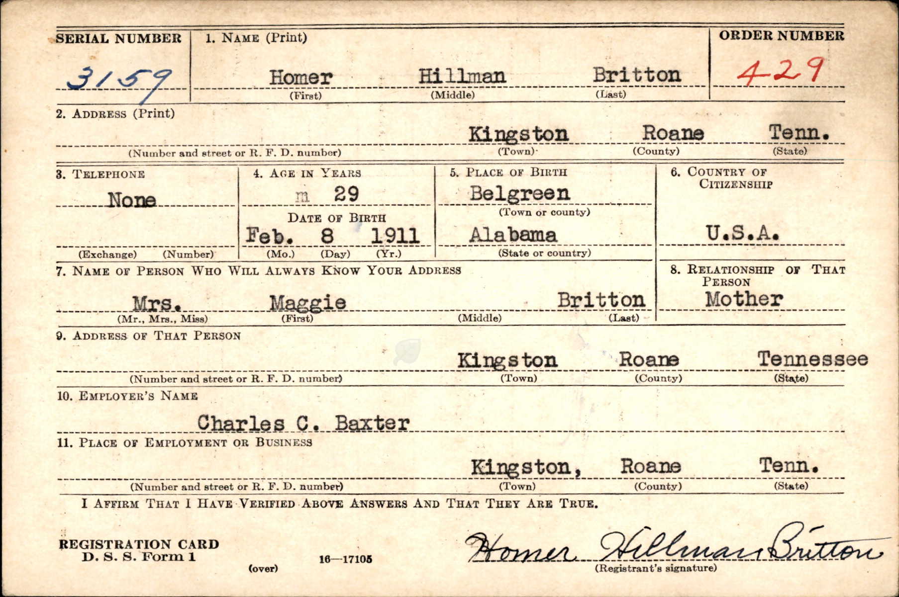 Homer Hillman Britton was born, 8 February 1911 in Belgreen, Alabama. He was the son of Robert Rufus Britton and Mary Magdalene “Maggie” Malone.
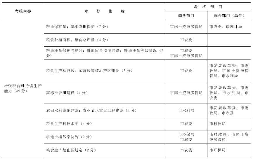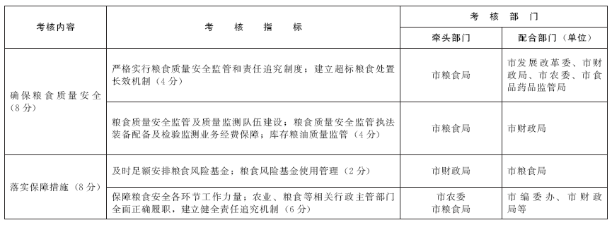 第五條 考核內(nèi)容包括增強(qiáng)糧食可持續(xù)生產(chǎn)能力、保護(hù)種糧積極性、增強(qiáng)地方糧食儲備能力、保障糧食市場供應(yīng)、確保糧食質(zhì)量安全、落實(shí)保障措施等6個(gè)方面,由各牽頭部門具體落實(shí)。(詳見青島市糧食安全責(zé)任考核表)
--- --- ---
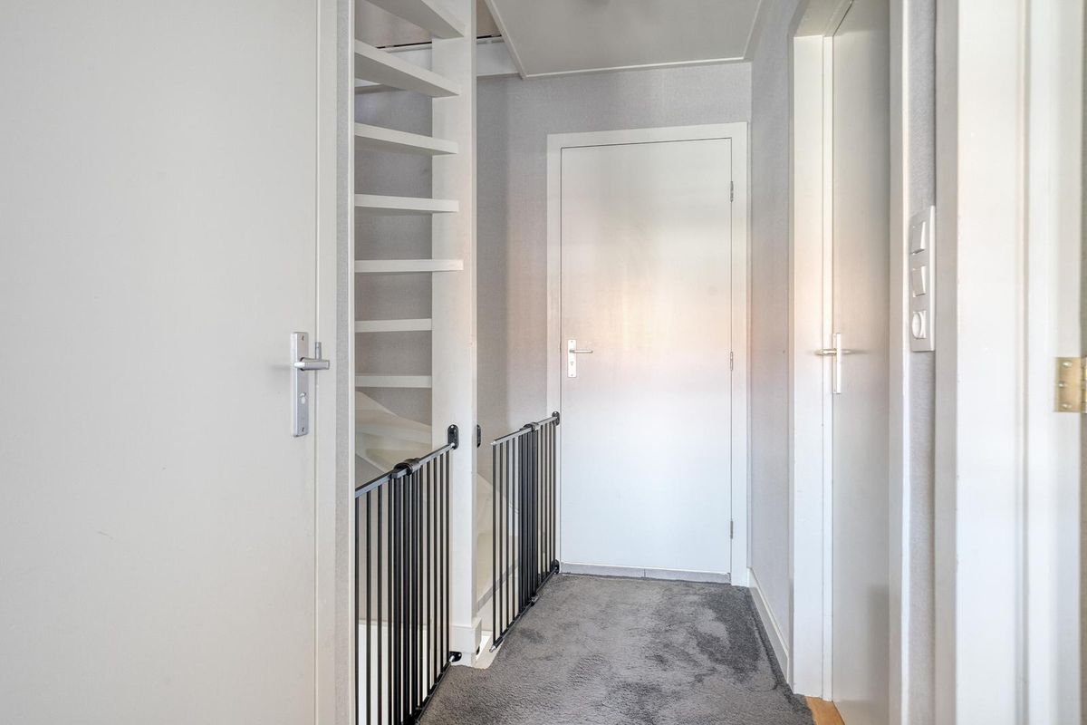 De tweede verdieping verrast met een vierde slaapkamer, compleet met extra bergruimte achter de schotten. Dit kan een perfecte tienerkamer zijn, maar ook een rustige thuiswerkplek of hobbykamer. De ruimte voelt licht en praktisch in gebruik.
--- --- ---
• TASK ITEM: Above are some records. Reproduce the lines from the one with "Homer Hillman Britton" down to the one with "第五條 考核內(nèi)容包", keeping both, and leave every picture out.

• WORKED SOLUTION:
 Homer Hillman Britton was born, 8 February 1911 in Belgreen, Alabama. He was the son of Robert Rufus Britton and Mary Magdalene “Maggie” Malone.
 第五條 考核內(nèi)容包括增強(qiáng)糧食可持續(xù)生產(chǎn)能力、保護(hù)種糧積極性、增強(qiáng)地方糧食儲備能力、保障糧食市場供應(yīng)、確保糧食質(zhì)量安全、落實(shí)保障措施等6個(gè)方面,由各牽頭部門具體落實(shí)。(詳見青島市糧食安全責(zé)任考核表)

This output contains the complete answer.